Planification fiscale des sociétés québécoises et recours aux paradis fiscaux

Les entreprises peuvent utiliser différentes dispositions fiscales pour réduire leur impôt sur le revenu. Ces dispositions prévues par le législateur poursuivent différents objectifs économiques. Par exemple, la législation fiscale prévoit un crédit d’impôt à la recherche et développement pour stimuler les activités d’innovation.

D’autres dispositions fiscales peuvent être utilisées de façon concomitante avec les dispositions énoncées dans des législations fiscales de pays tiers pour s’insérer dans des stratégies de planification fiscale controversées. Ces stratégies peuvent répondre à la lettre des législations fiscales concernées mais pas nécessairement à leur esprit ou leur intention. Ces stratégies sont alors considérées comme de l’évitement fiscal. L’évitement fiscal a pour conséquence de fragiliser l’assiette fiscale des gouvernements et de diminuer les revenus fiscaux perçus par l’État nécessaires au financement des services publics. C’est le cas notamment du recours aux paradis fiscaux examiné dans le présent rapport.

Pour évaluer l’ampleur du phénomène du recours aux paradis fiscaux par les entreprises, deux approches sont mobilisées. La première approche consiste à calculer le taux effectif de taxation supporté par les sociétés. La seconde approche repose sur une quantification macroéconomique de l’importance des paradis fiscaux parmi les différentes stratégies fiscales visant à réduire le montant d’impôt à payer par les entreprises.

Selon les estimations, entre 25 % et 30 % des profits des entreprises canadiennes réalisés à l’étranger le sont dans des paradis fiscaux. Les calculs montrent que ce type de planification fiscale permet d’alléger l’impôt sur le revenu des entreprises canadiennes d’environ 7 %.

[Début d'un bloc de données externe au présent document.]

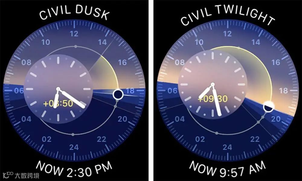 与传统表盘不同,苹果表盘上的太阳与月亮图标根据实际日出日落时间动态调整位置,提升准确性[k]。内圈数字始终保持正立,避免倒读困扰,并通过弧形阴影直观区分昼夜[k]。

Les estimations apportent des chiffres plus bas pour le Québec : le recours aux paradis fiscaux permet aux entreprises d’alléger leur impôt sur le revenu d’environ 5 %. Ainsi, près de 12 % de l’écart entre le taux statutaire de taxation applicable aux sociétés québécoises et le taux de taxation effectivement payé par ces sociétés est expliqué par le recours aux paradis fiscaux.

Il convient de noter que ces chiffres cachent une forte hétérogénéité dans l’utilisation de stratégies d’évitement fiscal par les entreprises. Ainsi, les entreprises actives dans certains secteurs d’activité semblent avoir des stratégies de planification beaucoup plus agressives que d’autres – c’est le cas par exemple dans les secteurs de la finance et de l’assurance. Par ailleurs, le recours au paradis fiscaux est utilisé par un nombre très restreint de très grandes entreprises.

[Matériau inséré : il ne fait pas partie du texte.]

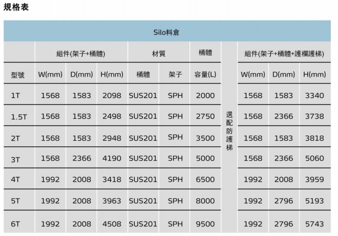 SS-1T,SS-1.5T,SS-2T,SS-3T,SS-4T,SS-5T,SS-6T,新型料仓

Comme dans toute étude, les résultats présentés dans ce rapport doivent être pris avec précaution. La méthodologie reprise ici s’appuie sur des études scientifiques rigoureuses et éprouvées. Néanmoins, les données sur l’activité des sociétés à l’étranger – en particulier dans les paradis fiscaux – sont extrêmement limitées au Canada et quasi inexistantes au Québec.

Face au manque de données, la collecte de données détaillées sur l’activité internationale des entreprises par des organismes statistiques et leur analyse rigoureuse semblent impératives. Ces outils permettront d’appréhender plus finement les pratiques de recours aux paradis fiscaux par les multinationales et ainsi guider les choix législatifs relatifs à ces pratiques.